### Given data:
------------------------------

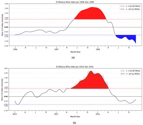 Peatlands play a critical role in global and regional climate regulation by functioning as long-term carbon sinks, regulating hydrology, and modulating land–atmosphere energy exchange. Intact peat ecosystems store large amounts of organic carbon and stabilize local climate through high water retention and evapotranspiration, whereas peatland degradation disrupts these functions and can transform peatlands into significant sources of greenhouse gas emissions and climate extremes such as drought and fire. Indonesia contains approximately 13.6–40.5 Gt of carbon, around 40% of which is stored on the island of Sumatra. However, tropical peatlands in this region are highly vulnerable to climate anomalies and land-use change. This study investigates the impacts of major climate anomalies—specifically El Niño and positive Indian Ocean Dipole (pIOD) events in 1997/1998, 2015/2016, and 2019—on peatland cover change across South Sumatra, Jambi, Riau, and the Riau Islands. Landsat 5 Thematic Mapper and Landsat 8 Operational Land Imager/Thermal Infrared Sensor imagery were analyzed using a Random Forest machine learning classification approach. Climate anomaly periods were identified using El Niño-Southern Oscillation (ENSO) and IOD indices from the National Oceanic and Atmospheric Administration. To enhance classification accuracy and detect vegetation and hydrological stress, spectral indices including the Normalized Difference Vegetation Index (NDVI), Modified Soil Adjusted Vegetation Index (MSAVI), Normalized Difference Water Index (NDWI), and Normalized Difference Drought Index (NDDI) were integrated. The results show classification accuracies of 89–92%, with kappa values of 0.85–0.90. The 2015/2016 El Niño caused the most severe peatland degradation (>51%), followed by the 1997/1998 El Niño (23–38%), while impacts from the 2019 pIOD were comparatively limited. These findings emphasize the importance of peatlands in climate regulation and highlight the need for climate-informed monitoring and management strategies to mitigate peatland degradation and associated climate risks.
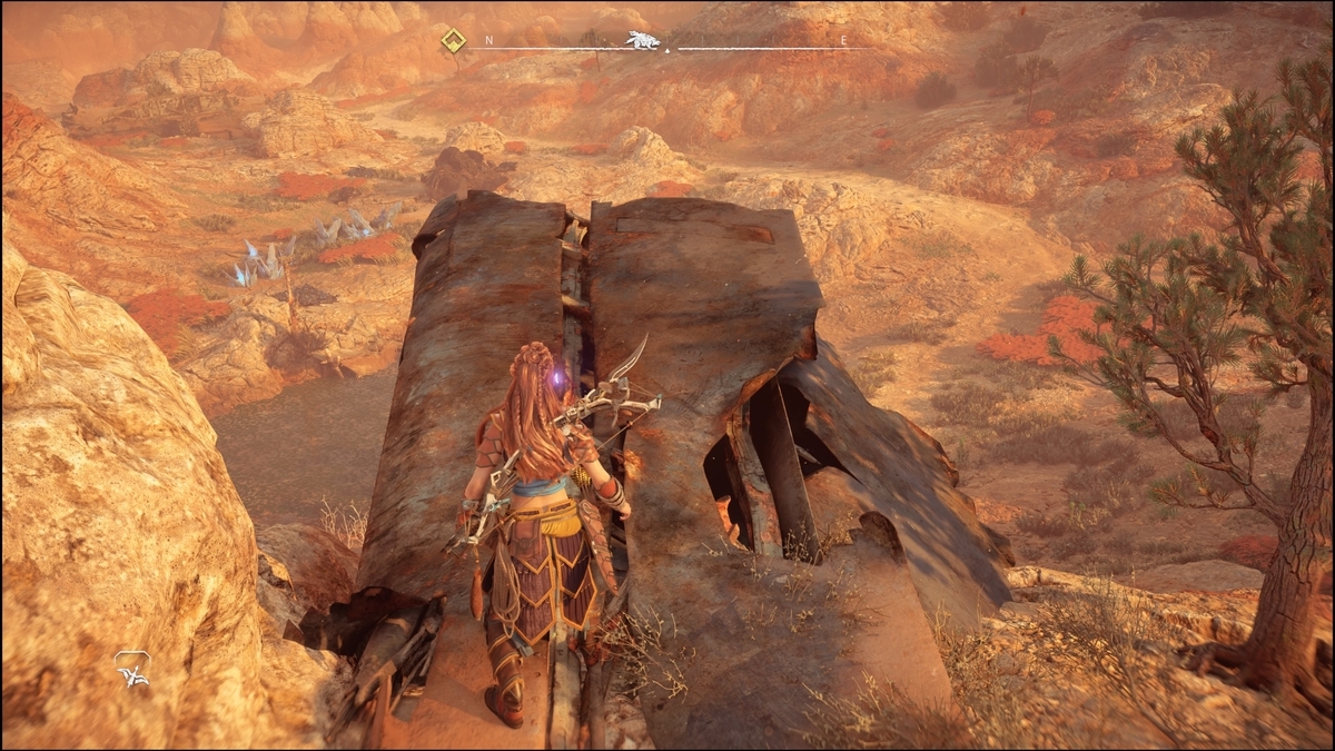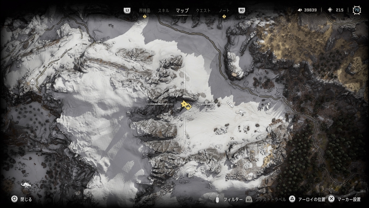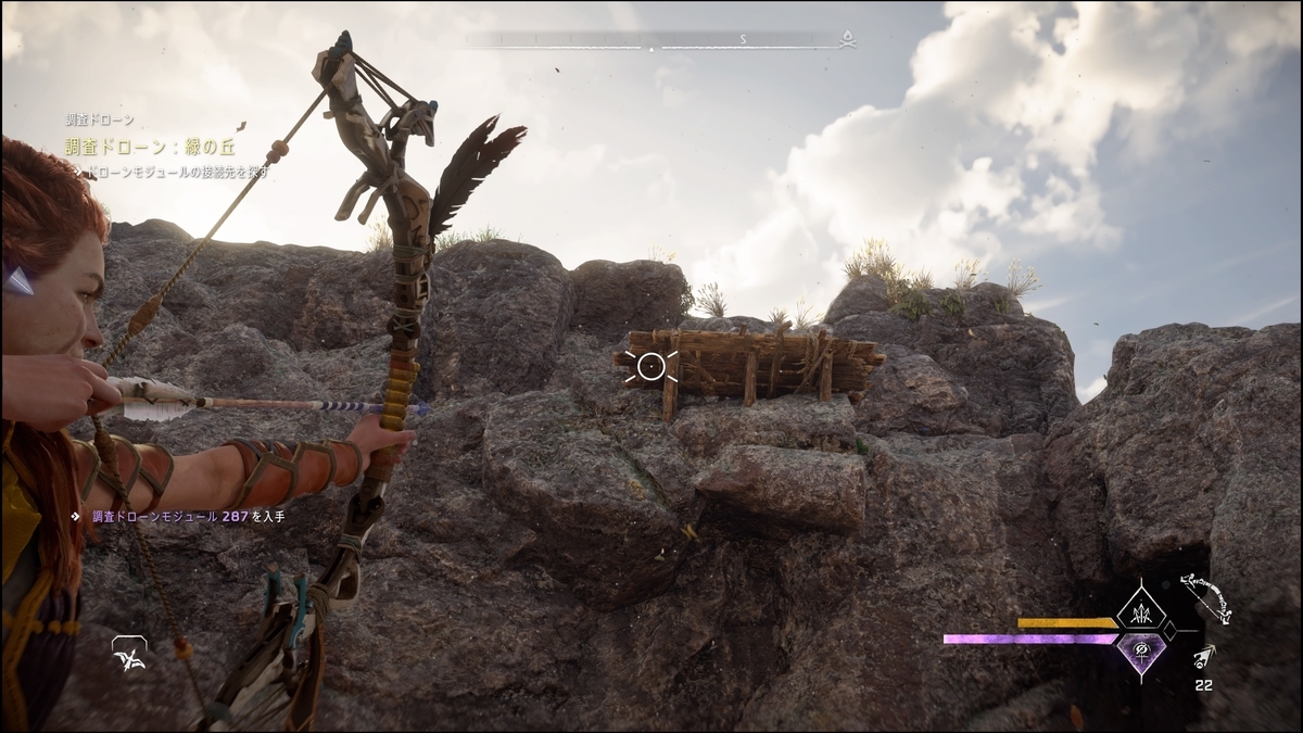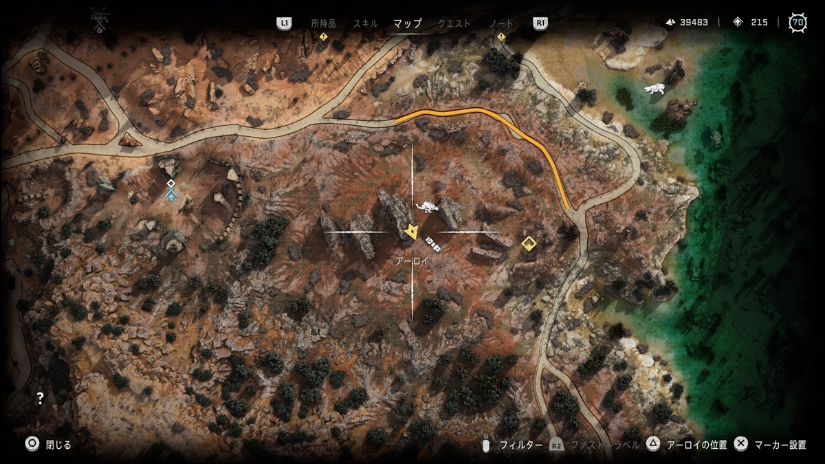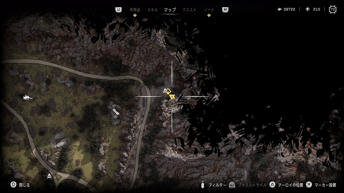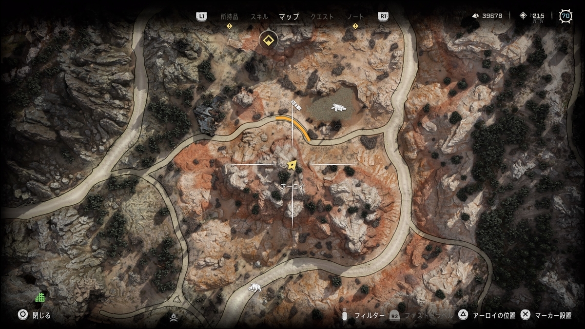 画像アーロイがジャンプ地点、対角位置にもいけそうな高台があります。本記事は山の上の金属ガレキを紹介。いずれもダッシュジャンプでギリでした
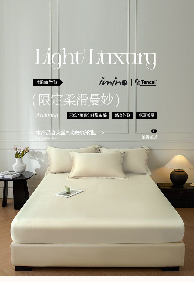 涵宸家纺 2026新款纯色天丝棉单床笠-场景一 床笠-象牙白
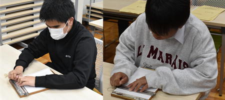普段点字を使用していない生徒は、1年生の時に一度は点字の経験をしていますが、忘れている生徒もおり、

------------------------------

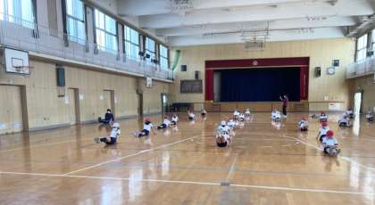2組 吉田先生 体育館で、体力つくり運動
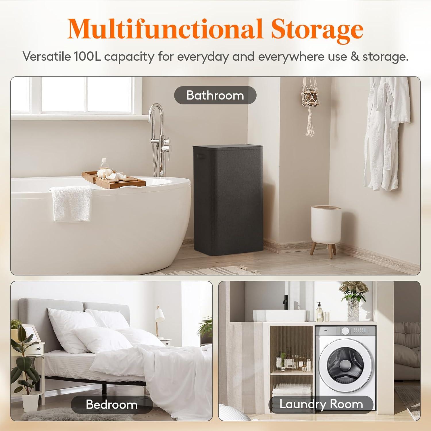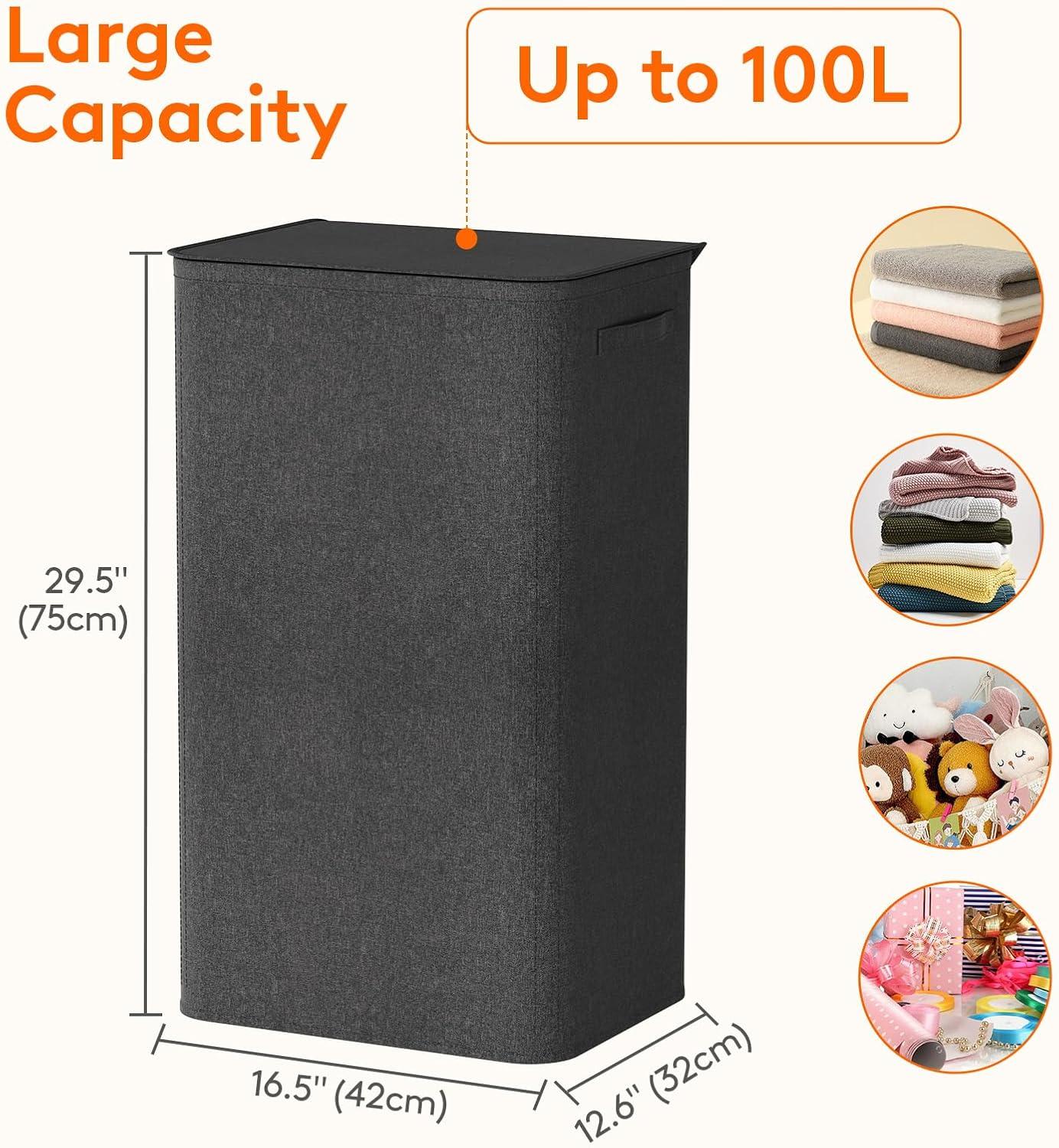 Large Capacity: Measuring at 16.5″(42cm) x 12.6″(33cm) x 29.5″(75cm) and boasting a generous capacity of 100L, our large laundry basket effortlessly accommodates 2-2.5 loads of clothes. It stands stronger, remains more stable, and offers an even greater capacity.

------------------------------

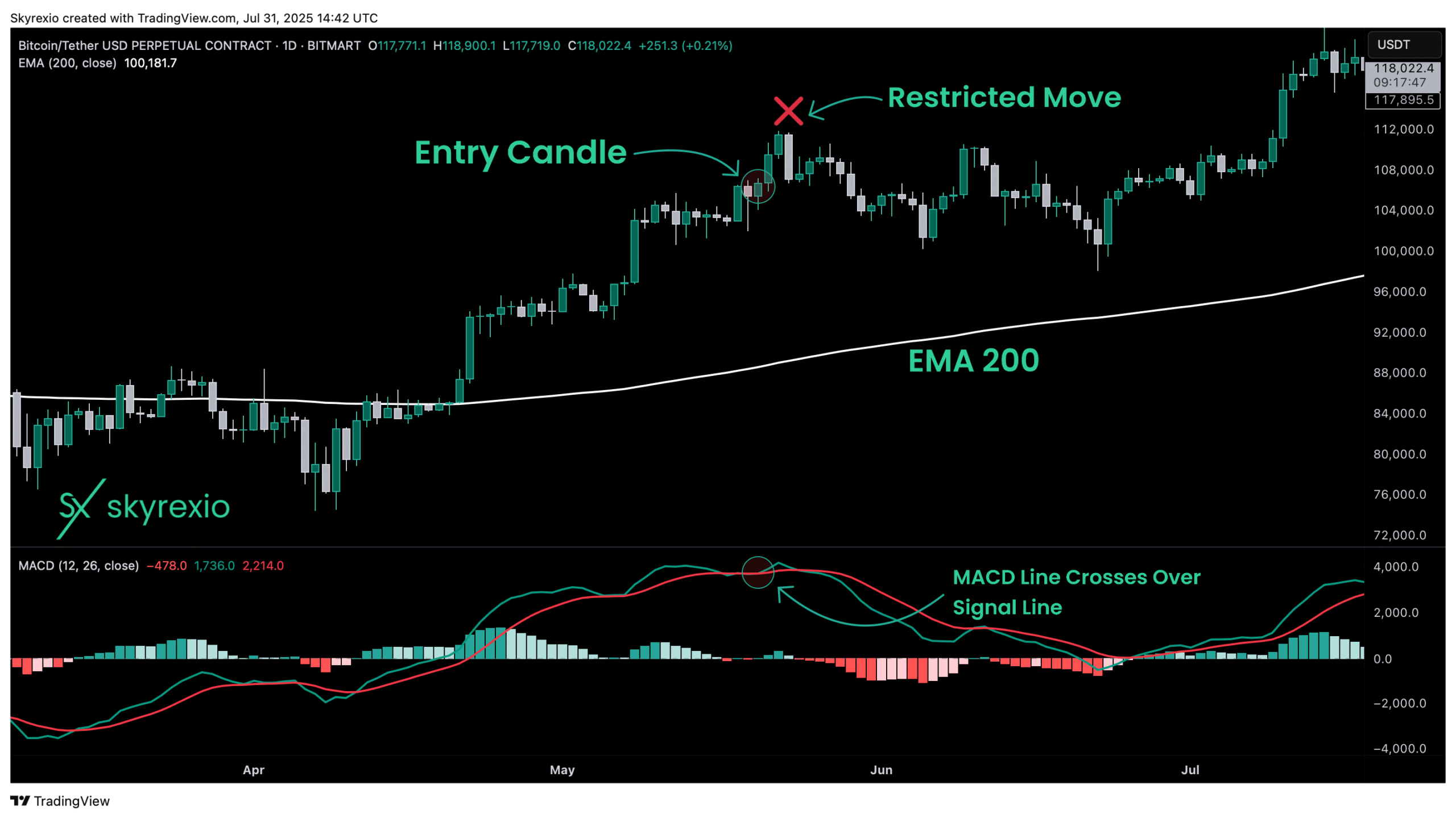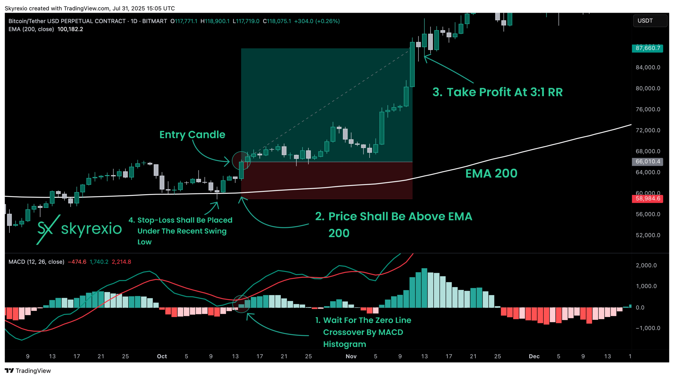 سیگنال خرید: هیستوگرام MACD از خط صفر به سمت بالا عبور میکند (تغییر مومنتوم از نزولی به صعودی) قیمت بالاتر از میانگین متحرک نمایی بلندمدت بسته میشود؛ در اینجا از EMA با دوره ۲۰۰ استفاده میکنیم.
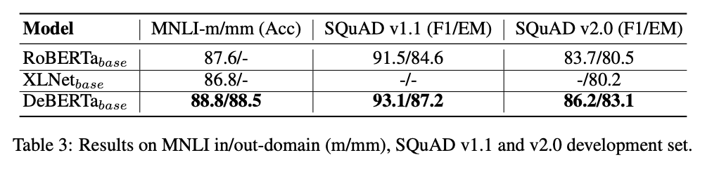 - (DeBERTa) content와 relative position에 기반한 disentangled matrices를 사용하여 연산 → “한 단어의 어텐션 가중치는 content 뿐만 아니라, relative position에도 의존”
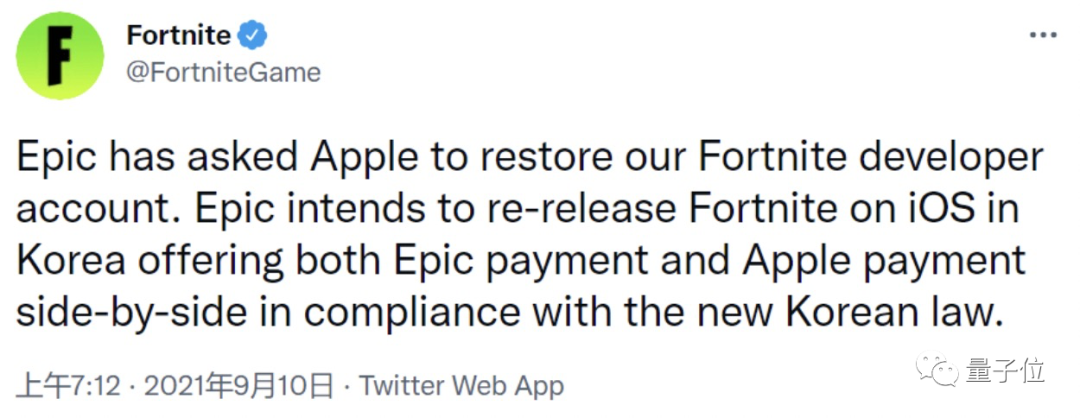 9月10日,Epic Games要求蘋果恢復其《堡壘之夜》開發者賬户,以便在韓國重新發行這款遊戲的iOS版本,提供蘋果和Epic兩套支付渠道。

------------------------------

Starting at the line that contains "画像アーロイがジャンプ地点、" and ending at the line that contains "普段点字を使用していない生徒", transcribe the material above exactly, excluding pictures.

### Reply to the exercise:
 画像アーロイがジャンプ地点、対角位置にもいけそうな高台があります。本記事は山の上の金属ガレキを紹介。いずれもダッシュジャンプでギリでした
 涵宸家纺 2026新款纯色天丝棉单床笠-场景一 床笠-象牙白
普段点字を使用していない生徒は、1年生の時に一度は点字の経験をしていますが、忘れている生徒もおり、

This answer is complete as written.